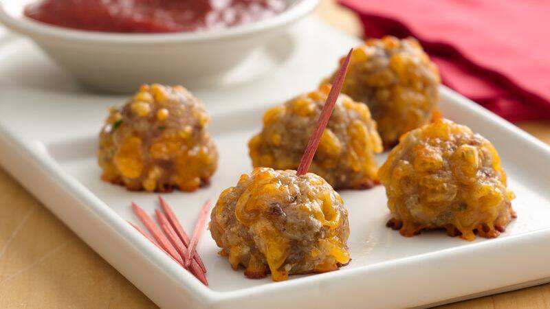 American sausage-cheese balls met dips
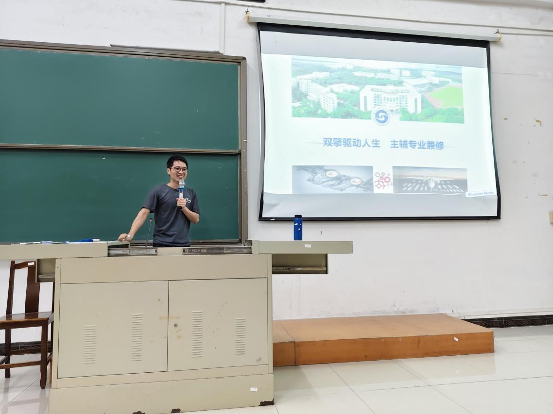 优秀青年教师莫星忧老师分享了“双擎驱动人生 主辅专业兼修”,为同学们介绍辅修课程,指导同学们在学有余力的情况下,结合个人学习时间和实际能力,积极拓展第二专业知识,全面提升自身的知识水平。
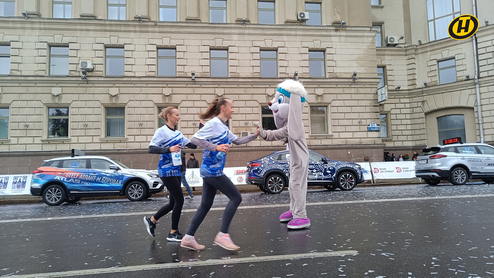 Перед финишем каждого участника встречал огромный заяц – он «давал пять» тем, кто преодолел дистанцию.
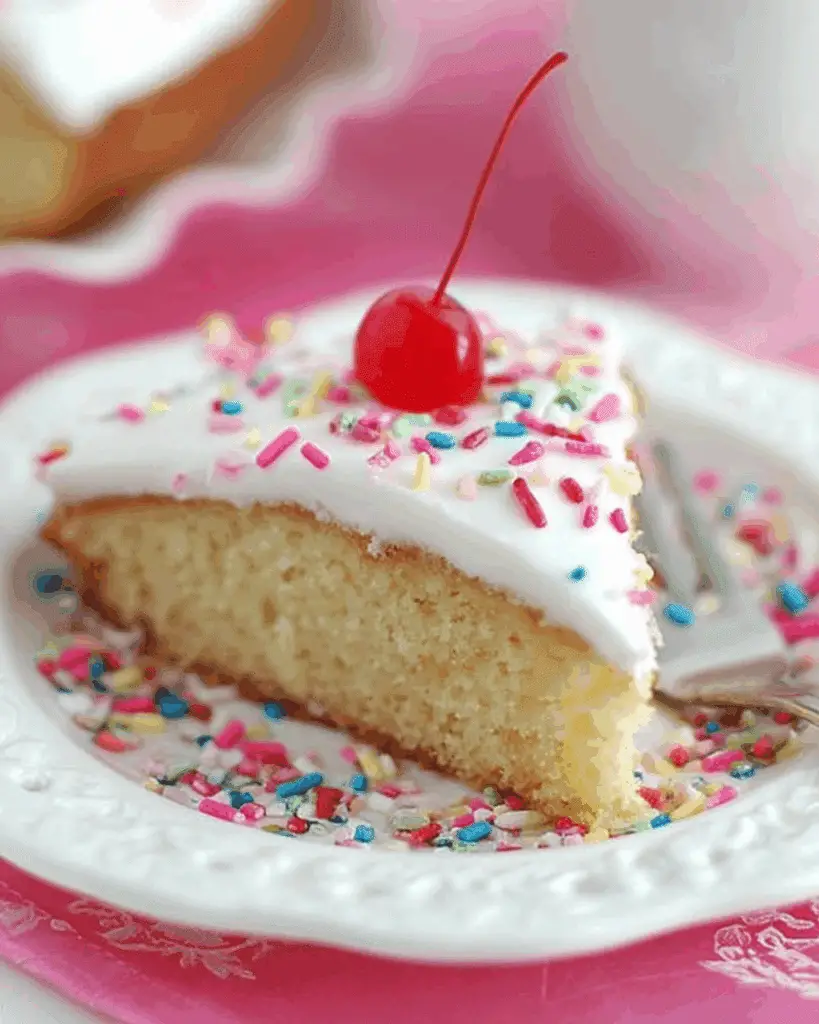 - Pour glaze over the cooled cake and spread evenly. Top with sprinkles and cherry if desired.
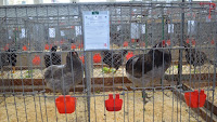 In Schau-Volieren gleich nebenan waren Fasane und meine Strupphühner zu sehen (dieses Jahr noch außer Konkurrenz, also Bewertung ausgestellt).
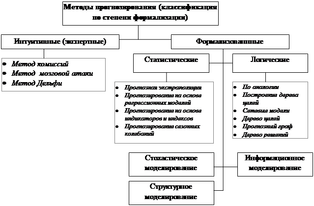 Наиболее распространенной в экономической литературе является классификация методов прогнозирования по степени формализации, которая приводится на рисунке ниже (рис.1).

◇ ◇ ◇ ◇ ◇

Instructions to follow:
Pictures are skipped here. Print exactly, and only, the lines from the one holding "Перед финишем каждого" through the final line of the material above, both ends included.

Exercise answer:
 Перед финишем каждого участника встречал огромный заяц – он «давал пять» тем, кто преодолел дистанцию.
 - Pour glaze over the cooled cake and spread evenly. Top with sprinkles and cherry if desired.
 In Schau-Volieren gleich nebenan waren Fasane und meine Strupphühner zu sehen (dieses Jahr noch außer Konkurrenz, also Bewertung ausgestellt).
 Наиболее распространенной в экономической литературе является классификация методов прогнозирования по степени формализации, которая приводится на рисунке ниже (рис.1).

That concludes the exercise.